Difatti, la prima vera sfida della customer centricity è quella di superare questa visione così da ottenere quelle capacità di comprendere concretamente le esigenze e i bisogni dichiarati e inespressi del cliente, le sue preferenze, le circostanze e la fase del viaggio d’acquisto adattando i modelli di business e le attività per fornire soluzioni altamente personalizzate, non prodotti, con il fine di aiutare il cliente, non di vendere.
Per molte aziende, rispondere alle nuove aspettative dei clienti con relazioni proattive, ingaggianti e coinvolgenti significa un allontanamento radicale dallo status quo. L’elemento di disruption rispetto allo status quo è proprio l’approccio cliente – centrico che dovrà essere favorito all’interno di tutti i dipartimenti, funzioni e processi aziendali.
Per essere sviluppato, questo nuovo paradigma dovrà pervadere tutta l’organizzazione e non unicamente la funzione Sales & Marketing. Gli sforzi tesi al raggiungimento dei nuovi standard non sono circostanziati in un’unica business unit ma rappresentano un mandato strategico per l’intera azienda ed essendo, quello della customer centricity, un processo complesso, dovrà passare da un concreto cambiamento culturale, organizzativo, relazionale, procedurale e tecnologico poiché il nuovo orientamento al mercato risulta altamente correlato con questi elementi.

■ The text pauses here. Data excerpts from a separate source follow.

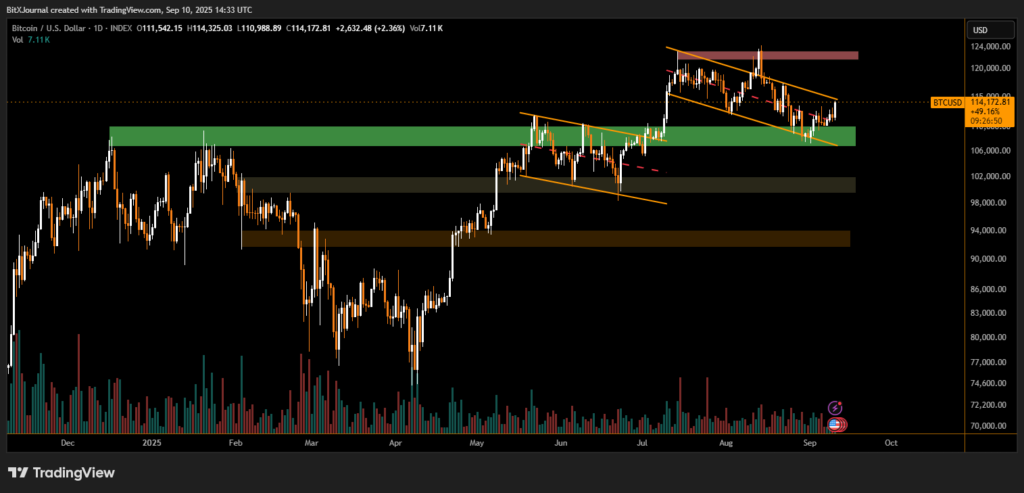 The daily chart indicates Bitcoin recently tested the $110,000–$112,000 support area (green zone), where strong buying interest emerged. This rebound pushed BTC back inside a descending channel pattern (orange trend lines), now targeting upper resistance levels.
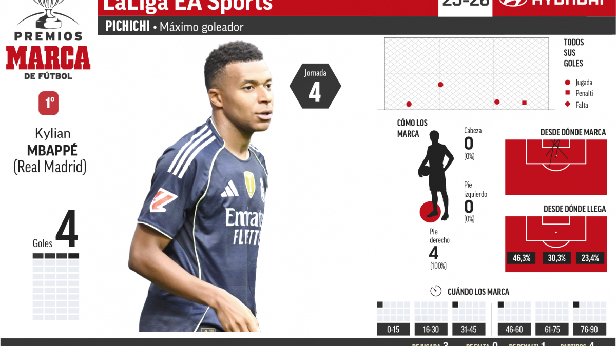 يواصل كيليان مبابي تسجيل الأهداف في بداية هذا الموسم، حيث أحرز حتى الآن أربعة أهداف في الجولات الأربع الأولى من الدوري الإسباني الدرجة الأولى. يحقق النجم الفرنسي متوسط هدف في كل مباراة، وقد افتتح التسجيل أمام ريال سوسيداد في فوز فريقه على ملعب أنويتا.
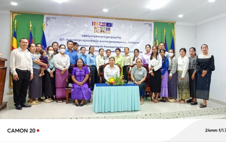 លោកស្រី សេង ស្រីនាង មន្ត្រីការិយាល័យអប់រំ យុវជន និងកីឡា គ្រូមត្តេយ្យសិក្សារដ្ឋ ចំនួន៣នាក់ លោកគ្រូ អ្នកគ្រូ មត្តេយ្យសិក្សាសហគមន៍ចំនួន០៤នាក់ ដែលជាសាលាគោលដៅរបស់អង្គការដៃគូ សមាគមបណ្តុះកុមារ ហៅកាត់ថា(BSDA)បានចូលរួមវគ្គបំប៉នបន្ថែមគ្រូមត្តេយ្យសិក្សាស្តីពី ការងារគ្រប់គ្រងរដ្ឋបាលថ្នាក់ ការងារបច្ចេកទេស និងល្បែងសេរី
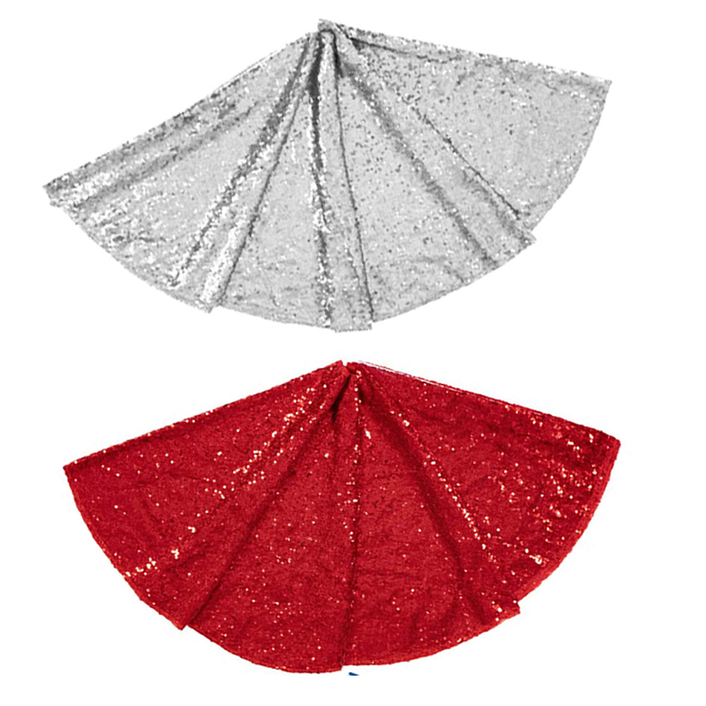 2pcs Round Christmas Tree Skirt Sparkle Sequins Xmas Tree Mats Tree Decorations for Home Decor -Red and SilveRed
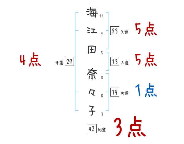 外運![]() | 海江田奈々子さんの外運は29画の4つ星!完全主義で才能がある。厳格な心の持ち主。 生活面を象徴する運勢です。外部から受ける影響力を表し、結婚運、家庭運や職場、環境への順応性を表します。 |
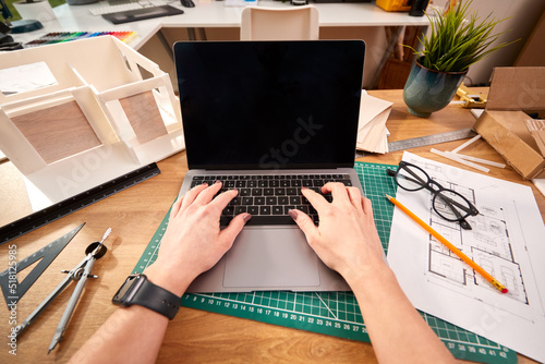 POV Shot Of Female Architect Working In Office On Plans For New Building Using Laptop

La centralità del cliente è prima di tutto una questione di cultura aziendale. Perciò la cultura e l’organizzazione delle nuove imprese dovranno evolversi per sostenere un costante miglioramento della Customer Experience ed essere sempre allineate con i bisogni del consumatore.
In aggiunta, si ricorda che per ottenere un’esperienza cliente eccellente si dovranno eliminare i silos tra i team che compongono la struttura aziendale, soprattutto tra quelli di vendita, marketing e service in quanto è da questi che inizia il viaggio verso la centralità del cliente ed è dove l’impresa incontra il mercato. I marketer dovranno essere in grado di considerare l’impresa nella sua globalità, evitando approcci compartimentali e operando collettivamente.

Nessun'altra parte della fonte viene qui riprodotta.